The Sinhalese felt that the accord was an Indian imposition, thrust on Jayawardana, president of Sri Lanka, whose position was deliberately weakened by India's open aid to Tamil insurrectionists.

Fearing India as a covert Tamil supporter, the Sinhalese felt that given the magnitude of inequalities between Sinhalese and Tamils -- the Sinhalese have both 70 percent of the land and the population -- the Tamil claim for equal status was a challenge, not a demand.

After casting off its colonial moorings, the ethnic issue caused more than a decade of bloodshed, with more than 50,000 dead and the total loss of trust.

Kumaratunga, the president of Sri Lanka, has the bold and imaginative view that all national problems can be addressed with wider diffusion of political power and an attuned political climate. Accordingly, she proposed a package to devolve extensive powers (now held by Colombo) to six regions, one of which is the Tamil majority area in the northeast.

The Tamils would be a given the political framework to realize their legitimate aspirations, just like their Sinhala neighbors.

Aware that trust had been obliterated, the president committed Sri Lanka to the proposed reforms by announcing them to the world.

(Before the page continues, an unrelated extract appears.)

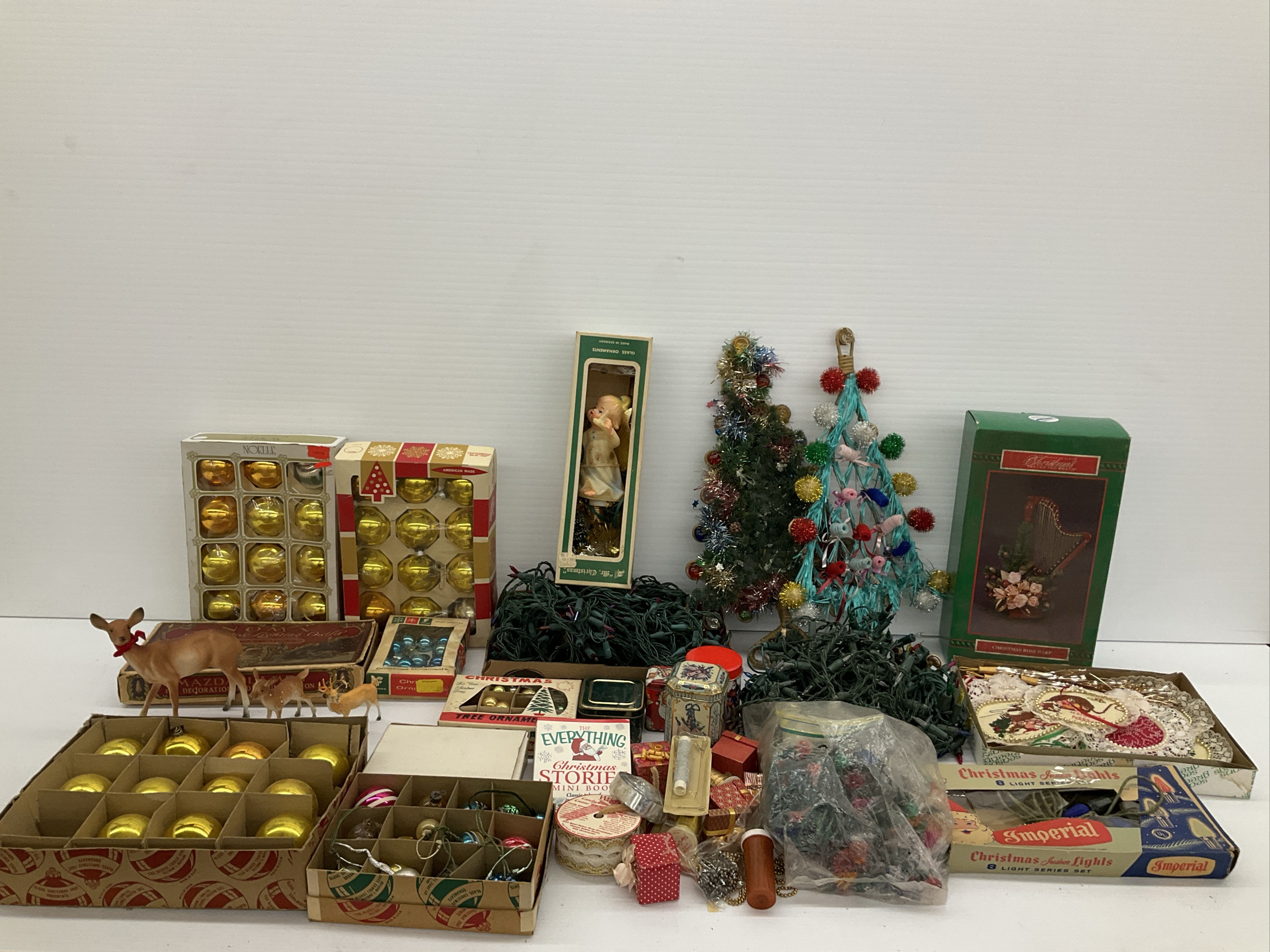 This lot includes a variety of Christmas decorations such as ornament sets, string lights, mini Christmas trees, deer figurines, and various other holiday items.
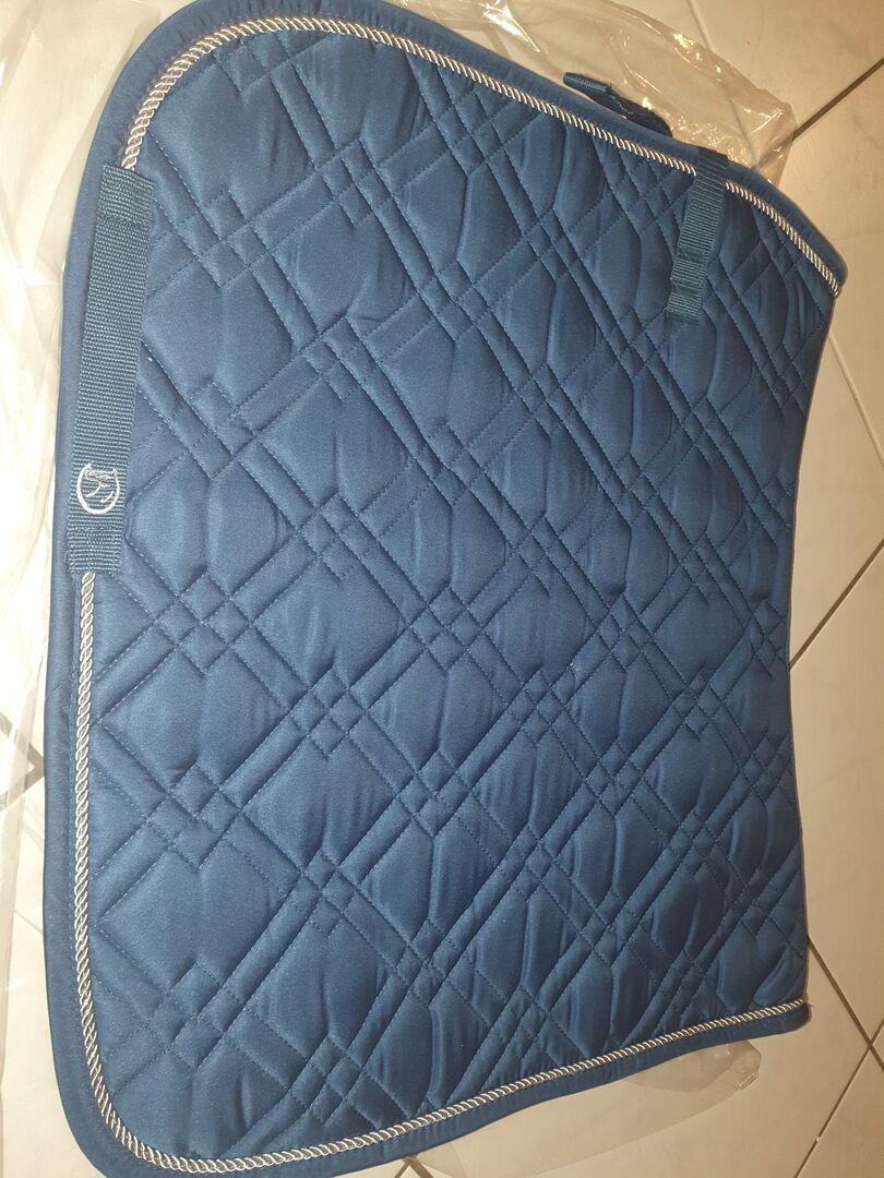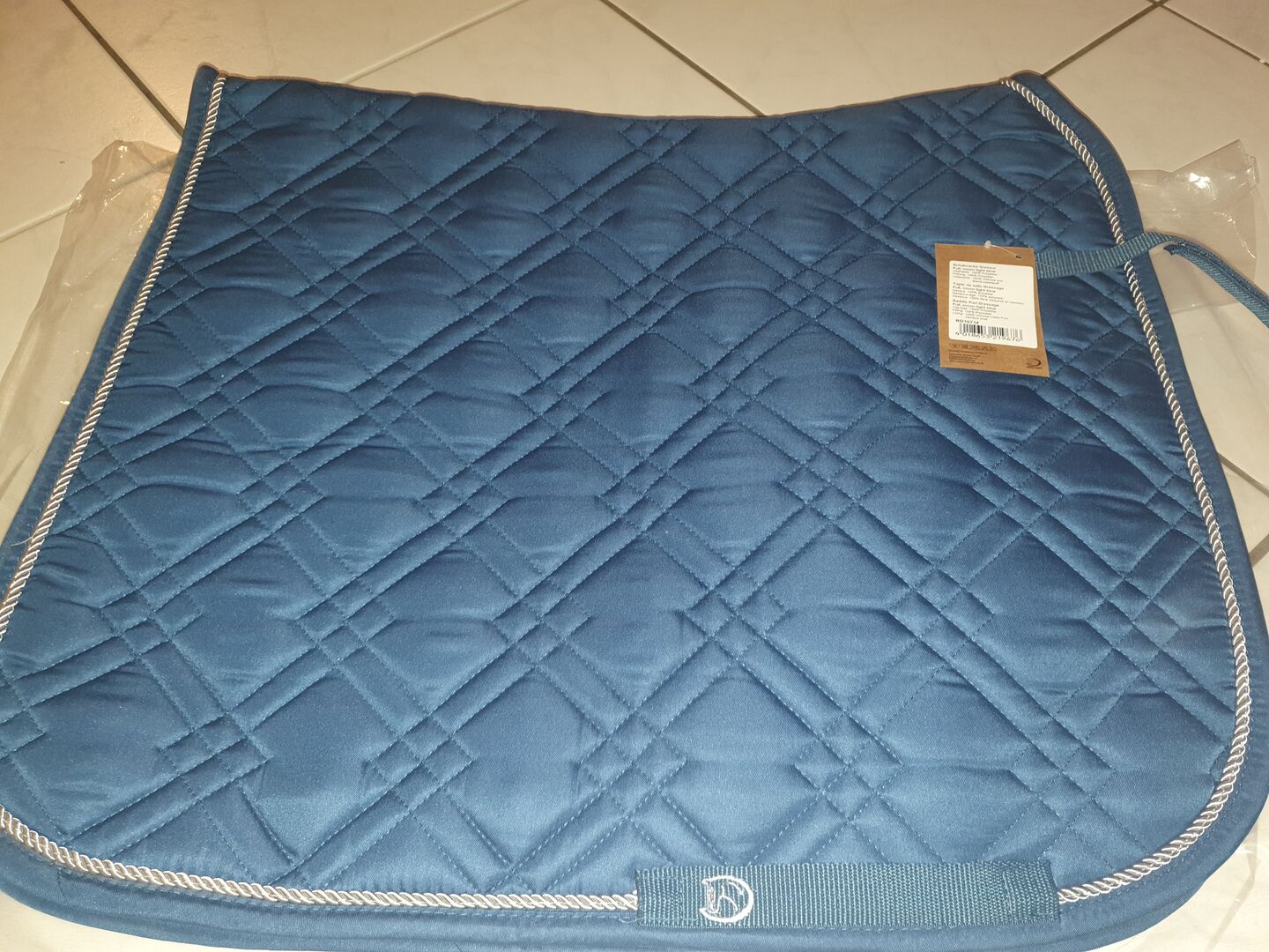 Zum Verkauf biete ich eine neue Dressurschabracke an. Die Farbe heißt moon light blue. Der Rand ist in der gleichen Farbe gehalten. Die Schabracke ist mit einer dezenten hellgrauen Kordel verziert und der Stoff ist hübsch gesteppt.

Her charisma, and 62 percent voters' mandate to resolve the ethnic issue peacefully, give weight to her plan and imbue it with realism.

Undertaking a broad-based political structure to create mainstream, effective political participation ropes in all communities to participate in the balancing process.

The timing is right. India is regarded as a friendly neighbor and the Tamils are feeling the loss of support for their extreme cause. The Tamil's battle losses have denied them the opportunity to make war an extension of politics. Kumartunga has achieved a lot in a short time.

The president, however, faces two major hurdles: to protect her package from erosion and ferrying it across a two-thirds vote in parliament and in a referendum. Tamil trust is bound to grow in proportion to her success in protecting and delivering the devolution package.

It would be unwise for Tamils to ignore reality. Their position has been weakened, yet they are offered autonomy, official status for Tamil and US$ 700 million to mend war damages. Actually an invitation to prove their worth in peace. So the challenge for the Tamils is for all Tamil parties to drop the word "Liberation" from their party names, and gear up to face political participation.

Arjuna Ranatunga, the captain of Sri Lanka World Cup cricket team, told International Herald Tribune before the finals with Australia that revenge is a word that has no place in cricket.

Revenge is as much out of place, if not more so, in the affairs of a nation, especially one in need of trust and healing.

The writer is a business consultant based in Jakarta.